Today is the day. It’s finally here after your week of preparation. Here we go with the first four steps to a wardrobe audit.
1 – First and foremost make sure you have the time, and either do it alone or get a friend to help out. Kids may need to be removed from the house for the day otherwise you may be constantly interrupted. Shut the bedroom door, take a deep breath, and open up the closet and drawers.
2 – As you remove each article, examine it. Thoroughly! Is it stained, dirty, stretched? You can see straight off if something isn’t looking good, so seriously question if it’s a piece you still want, will ever wear again, or you’re simply over it.
3 – Make different piles, ‘keep, maybe, rags, and giveaway’. The ‘keep’ pile is easy, as is the ‘rag’ pile.
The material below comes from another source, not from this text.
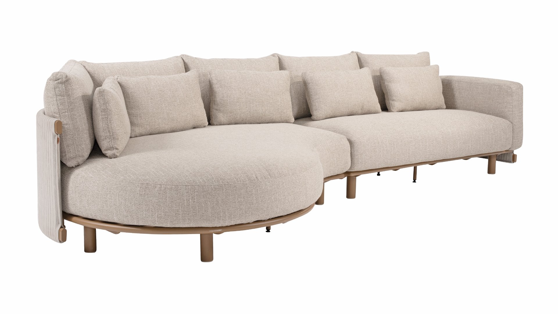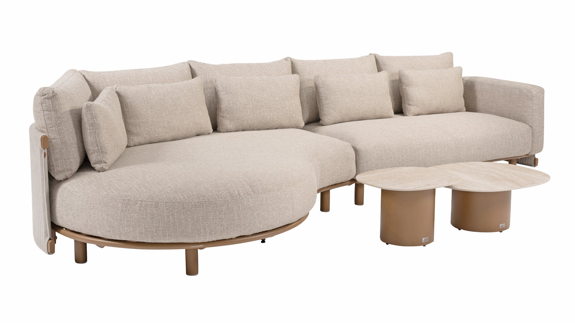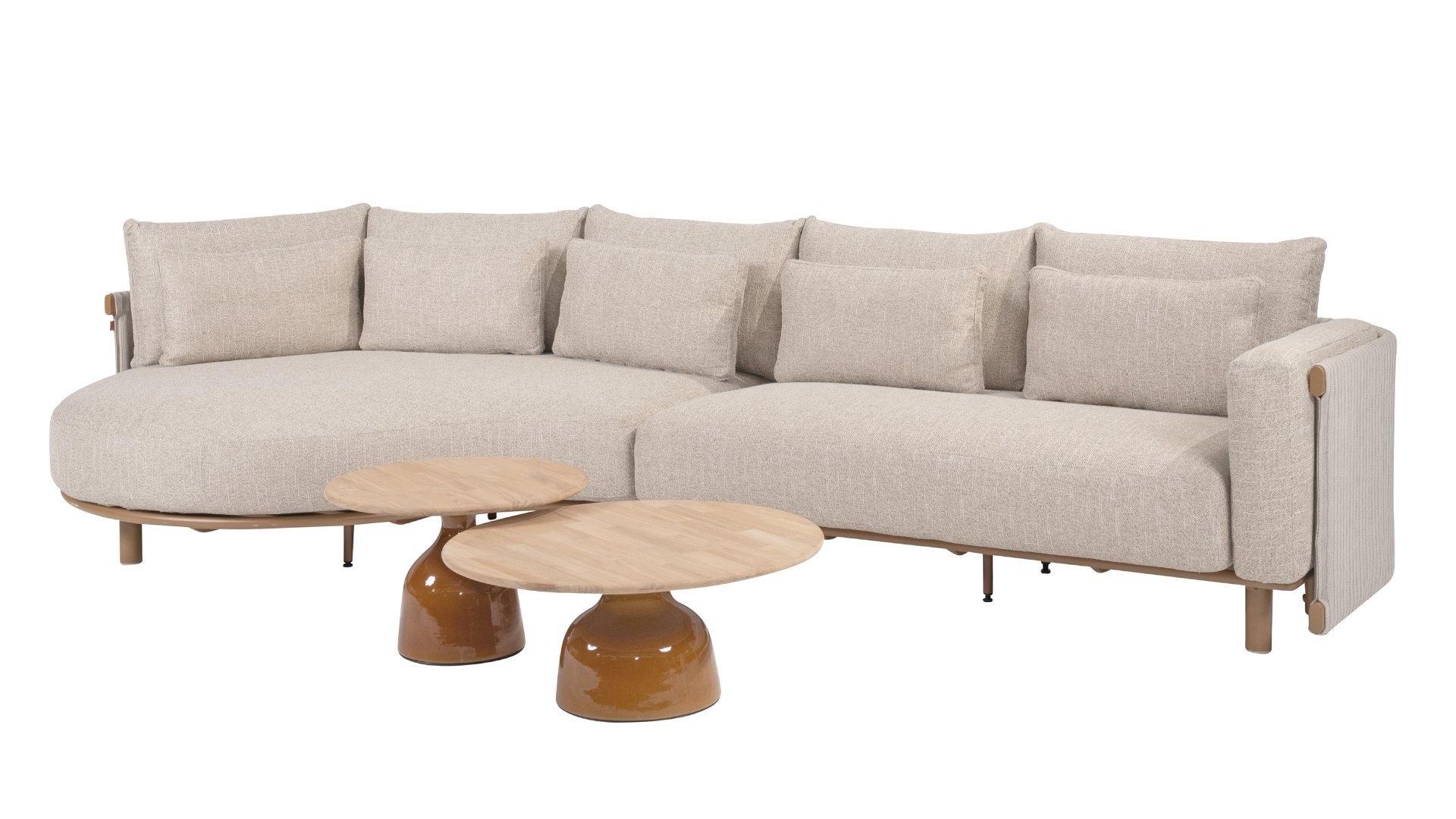 Das sandfarbene Rope ist vollständig gepolstert und mit außergewöhnlicher Handwerkskunst verarbeitet, was dem Safina Lounge-Set eine warme und luxuriöse Ausstrahlung verleiht. Der amber Aluminiumrahmen bildet eine moderne, robuste und pflegeleichte Basis. Zusammen mit den sandfarbenen Kissen – wetterfest, komfortabel und stilvoll – entsteht ein harmonisches und hochwertiges Gesamtbild, das perfekt zu jedem Garten oder jeder Terrasse passt.

These usually consist of tshirts or tops of cotton material that are no longer wearable with holes or stains and can be used for cleaning down bathrooms, dirt, grease, or even the dog, as they absorb well, so have a big box or bag handy for throwing them all into while you go. The ‘giveaway’ pile are pieces that are still in good condition but you just don’t want, regardless of whether they fit or not, so they can either go to a charity store or be sold, and sadly, there will be some pieces you spent a lot of money on that you just don’t like anymore. Don’t feel guilty; sell it on eBay or to a friend. The ‘maybe’ pile is the pile you just aren’t sure about… yet.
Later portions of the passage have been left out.